LIBREVILLE (Reuters) - For 28 years, Gabonese Dorothee Adjakidjie suffered embarrassment and shame from not knowing whether she was male or female after being born with genitals of both sexes.
When she decided this year to be a woman and undergo gender reassignment surgery so she could seek a male partner, she faced another problem: living in a nation with two million people but not a single plastic surgeon.
"In our African culture there are taboos ... we say 'this child is cursed', we will say there is witchcraft, that this child is irrecoverable," she told Reuters.

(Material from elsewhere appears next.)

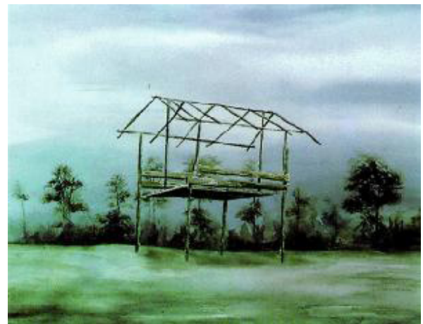
Scheme 1. Nepar in Mazandaran

Saqanefar broad constructions in Mazandaran are connected to a series of historical events in early years of Islam and the religious and political developments in Iran and Mazandaran. Alborz natural shield prevented the Arabs from Mazandaran premature conquering and Islam could not enter Mazandaran till the early of the second century hegira[3]. After the arrival of Islam in Mazandaran, religious and political developments in Mazandaran were slightly different than other regions of Iran. Three historical events led to the rise of Shiites in Mazandaran earlier than

"When you live ... without knowing if you are he or she, when you have to constantly justify who you are, its not easy."
But last week she was given the chance she craved by a U.S. medic.
Michael Obeng, from Beverly Hills, chose her for one of 100 free operations carried out this year in Gabon by doctors from his medical charity R.E.S.T.O.R.E - and the first intervention of its kind by a plastic surgeon in the central African country.
Reuters TV filmed the successful operation, which involved removing the penis and turning a partial vagina into a fully-formed one.
Obeng, whose charity has also performed operations in Guatemala, Laos, Mexico, Nigeria and Ghana, said Dorothee would not be able to bear children because she won't have a functioning uterus or ovaries.
But she was "comfortable and in a better mindset," he said. " ... She said she wants to be with a man, and get married and I hope she can find love and a husband."
The United Nations estimated in 2016 that 1.7 percent of new-born babies can, like Dorothee, be classified as intersex.
"He is being reborn," Dorothee's mother, Jeanne Adjakidjie said after the surgery, before being teased by a daughter's friend for briefly forgetting that Dorothee was now decidedly a woman.
"A new baby has arrived. I am happy, very happy".